*TASK DETAILS:*
Set every line of the data down again exactly, and keep the pictures out.

*Stored entries:*
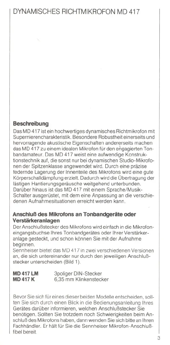 Senn heiser bietet das MD 417 in zwei verschiedenen Versionen
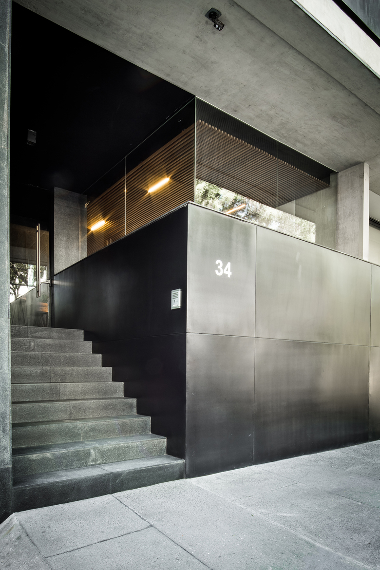 ocalizado en los límites de la Colonia San José Insurgentes, Capuchinas 34 es un proyecto de carácter habitacional de 6 niveles, en el que el edificio se resuelve en un volumen rectangular asimétrico de altura moderada que distribuye 4 departamentos, 1 Pent-House y 2 Roof Gardens.
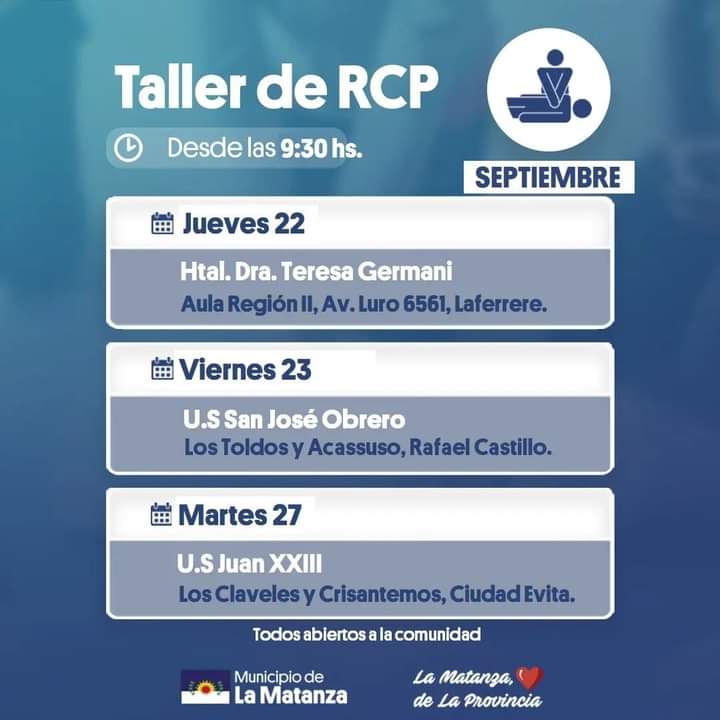 Desde la Secretaría de Salud anunciaron que habrá Talleres de RCP y Primeros Auxilios en el municipio de La Matanza.
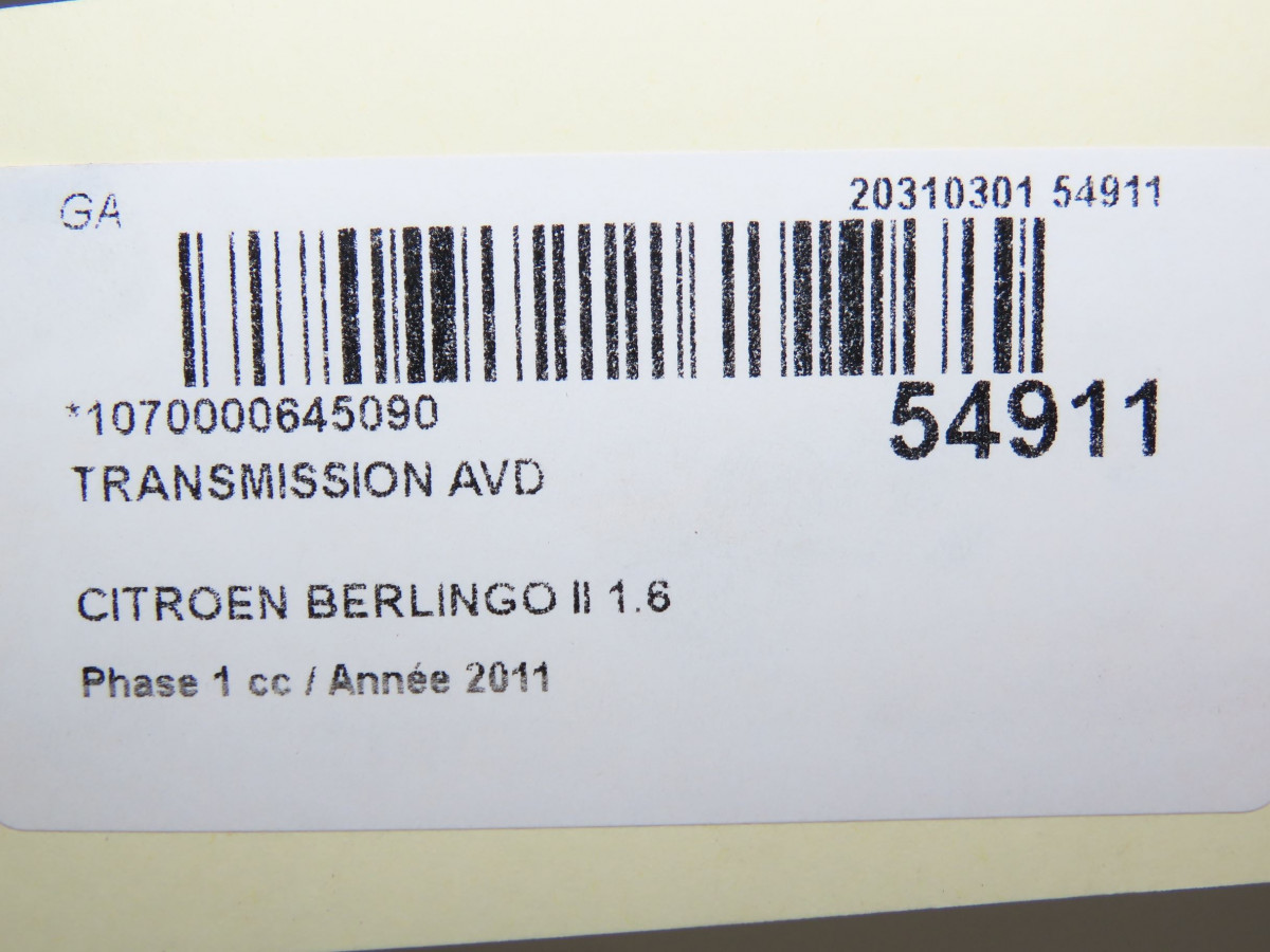Transmission avant droite occasion CITROEN BERLINGO IIPhase 1 05-2008->01-2012 1.6 HDI 16v 75ch
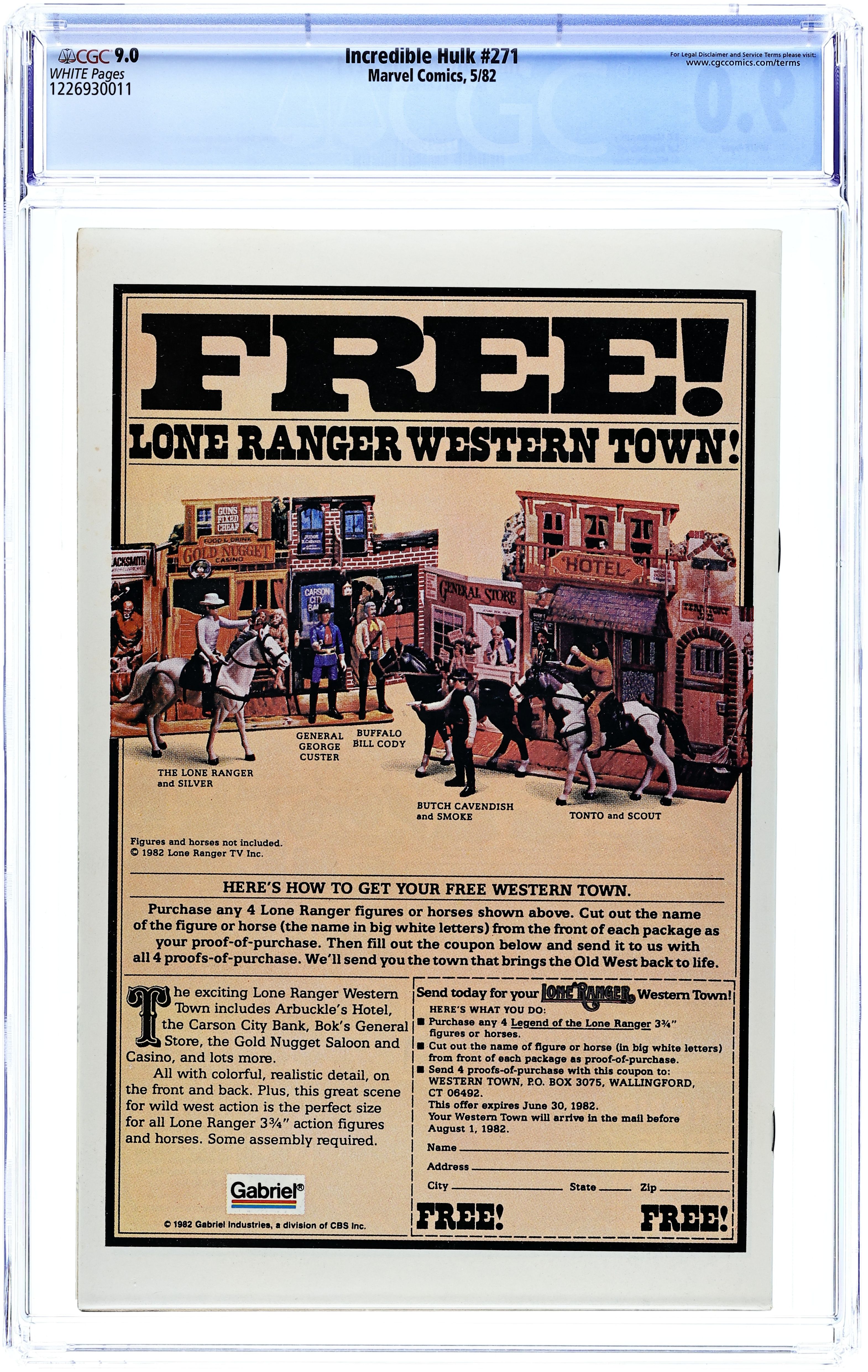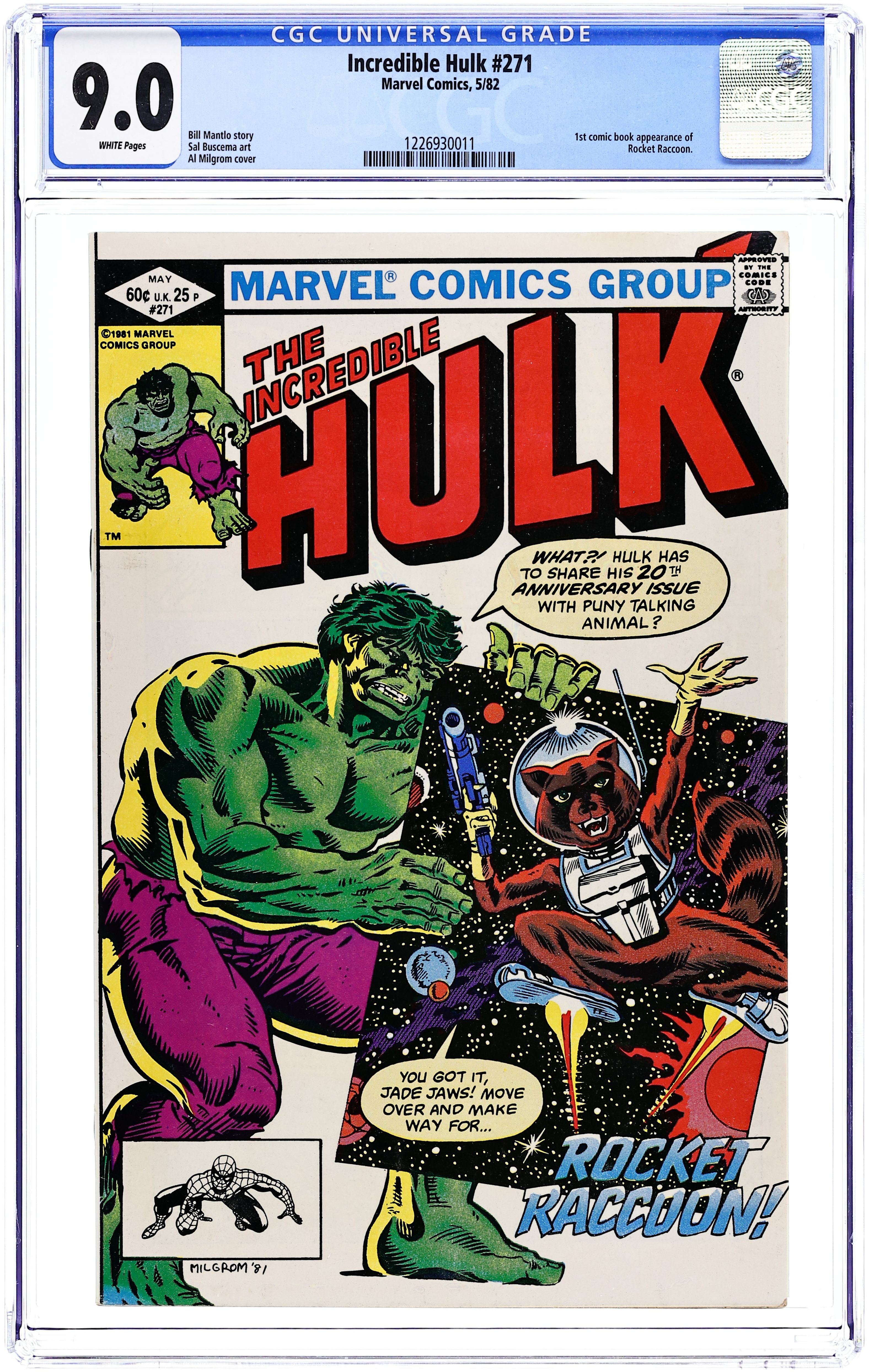 Direct Edition. 2nd appearance of Rocket Raccoon (see Marvel Preview #7 for 1st appearance). Story by Bill Mantlo. Art by Sal Buscema. The Hulk celebrates his 20th Anniversary with one of the most offbeat stories of all. Following the events of last issue, Hulk hurtles through the void only to run into the marvelous Rocket Raccoon and his band of colorful friends. Can the Hulk aid Rocket and his crew against the machiavellian Judson Jakes and his sinister scientist, the tortoise Uncle Pyko? 36 pages. Cover price $0.60.

*TASK RESPONSE:*
 Senn heiser bietet das MD 417 in zwei verschiedenen Versionen
 ocalizado en los límites de la Colonia San José Insurgentes, Capuchinas 34 es un proyecto de carácter habitacional de 6 niveles, en el que el edificio se resuelve en un volumen rectangular asimétrico de altura moderada que distribuye 4 departamentos, 1 Pent-House y 2 Roof Gardens.
 Desde la Secretaría de Salud anunciaron que habrá Talleres de RCP y Primeros Auxilios en el municipio de La Matanza.
Transmission avant droite occasion CITROEN BERLINGO IIPhase 1 05-2008->01-2012 1.6 HDI 16v 75ch
 Direct Edition. 2nd appearance of Rocket Raccoon (see Marvel Preview #7 for 1st appearance). Story by Bill Mantlo. Art by Sal Buscema. The Hulk celebrates his 20th Anniversary with one of the most offbeat stories of all. Following the events of last issue, Hulk hurtles through the void only to run into the marvelous Rocket Raccoon and his band of colorful friends. Can the Hulk aid Rocket and his crew against the machiavellian Judson Jakes and his sinister scientist, the tortoise Uncle Pyko? 36 pages. Cover price $0.60.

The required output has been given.